Thursday, November 08, 2012

Library of Congress Systems Offline

News from LC.
All Library of Congress systems will be taken offline beginning Friday evening. This includes LCCN Permalink, Z39.50 and SRU services, ID.LOC.GOV, all listservs, and, of course, the catalog. All Library systems. Service will be restored by Tuesday.

The Library of Congress has planned extensive electrical work and power maintenance for this coming weekend. As a protective measure, all Library systems will be powered down. The maintenance period is scheduled for completion by Tuesday morning, when it is expected all Library systems will have been restored to normal operation. Though it is anticipated work will not be fully completed until late Monday (or very early Tuesday morning), services will be start coming back online many hours before then.

Wednesday, November 07, 2012

NISO and the Future of Bib Exchange

The latest NISO Newsletter leads off with the article, NISO and the Future of Bib Exchange.
Our bibliographic exchange ecosystem is incredibly complex. The contributors to this process are numerous and occasionally have competing interests. Beyond this, the metadata that we need to discover content travels a circuitous route through our information community involving a variety of organizations and providers. Much of this exchange, at least within the library community, is centered around antiquated formats that need to be transformed to interoperate with modern information exchange systems. Designing and achieving this transformation will require a great deal of collaboration and consensus among all the affected stakeholders.

Tuesday, November 06, 2012

Belarusian Romanization Table Revision Approved

The Belarusian romanization table is now available.
The ALA-LC Romanization tables are developed jointly by the Library of Congress (LC) and the American Library Association (ALA). Romanization schemes enable the cataloging of foreign language materials. Romanized cataloging in turn supports circulation, acquisitions, serials check-in, shelflisting, shelving, and reference, particularly in library catalogs that are unable to display non-roman alphabet information.

The ALCTS Committee on Cataloging: Description and Access (CC:DA) recently received and reviewed a proposal to revise the Belarusian romanization table. The table has subsequently been approved.

CIP Records Enhanced

News for OCLC users, CIP records can now be enhanced.
OCLC is pleased to announce to our cataloging members that additional functionality has been added to the Expert Community to enable upgrading of Cataloging in Publication (CIP) records by member libraries, even when they are coded “pcc” in the 042 field.

OCLC has previously excluded all records that were coded as being Program for Cooperative Cataloging (PCC BIBCO records) from Expert Community replaces. Library of Congress CIP records (DLC Encoding Level 8 records) were not being coded as “pcc” at the time the Expert Community began, but are currently routinely coded in this manner. Not being able to permanently upgrade master records in WorldCat for LC CIP has long been a source of frustration for catalogers. OCLC has heard this frustration and is responding by adding new functionality to enable upgrading of CIP. Records coded as “pcc” with other encoding levels continue to be excluded from Expert Community replaces.

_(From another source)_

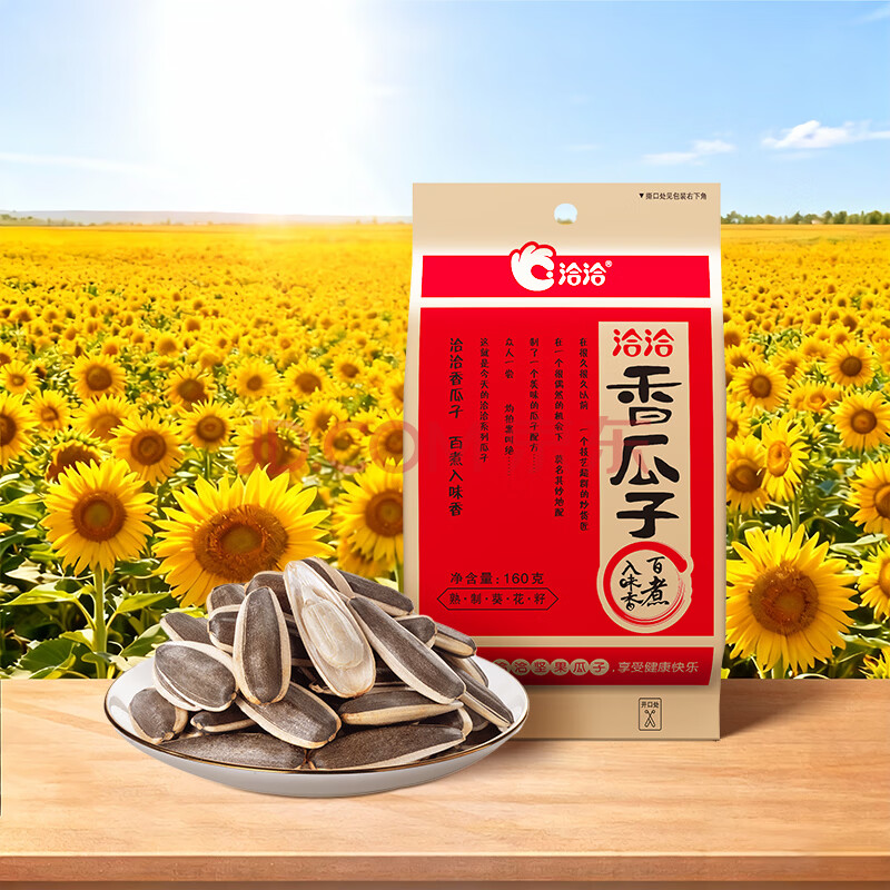 商品相册:洽洽香瓜子160g经典红袋包装五香味葵花籽坚果炒货周末休闲零食小吃第1张/共5

Beginning today, November 5, 2012, catalogers using full level (or higher) OCLC cataloging authorizations will be able to edit/upgrade all fields in LC CIP records that may be edited in other non-pcc master records with one exception. That exception is that the encoding level coding may not be changed. It will remain “8” until an official CIP upgrade is loaded to WorldCat from LC, from a CIP upgrade partner, or is changed by an institution with National Level Enhance authorization. The entire record may be upgraded as needed, including description and subject cataloging; only the encoding level may not be changed. When upgrading a CIP record, never remove correct and accurate information from a master record simply because your institution does not find it useful. This includes LC or Dewey Decimal classification numbers, LC or other subject headings, or other useful fields such as summaries or table of contents information.

Using a full level authorization, catalogers may lock, edit, and then replace the LC CIP records when using Connexion Browser or Client. When using the Client, catalogers may just edit and replace without the first step of “lock” if desired, to upgrade LC CIP.

Monday, November 05, 2012

The Bielefeld Academic Search Engine

The BASE search engine has an interesting tool package.
The search engine BASE (Bielefeld Academic Search Engine) It is a tool for searching Open Access contents and automatic classification is active since 2004 and includes 37,4 million documents from 2900 mostly academic repositories. Special features are a truncation function, a search history, sorting, a drilldown function and the cooperation of linguistic tools. Interoperability is guaranteed through the possibility to bind BASE to different interfaces.
They also provide help on "Integration of BASE into local infrastructures" and a "Validate OAI Interface." You can also suggest a repository of them to harvest. Is your institution's OAI-PMH metadata being harvested?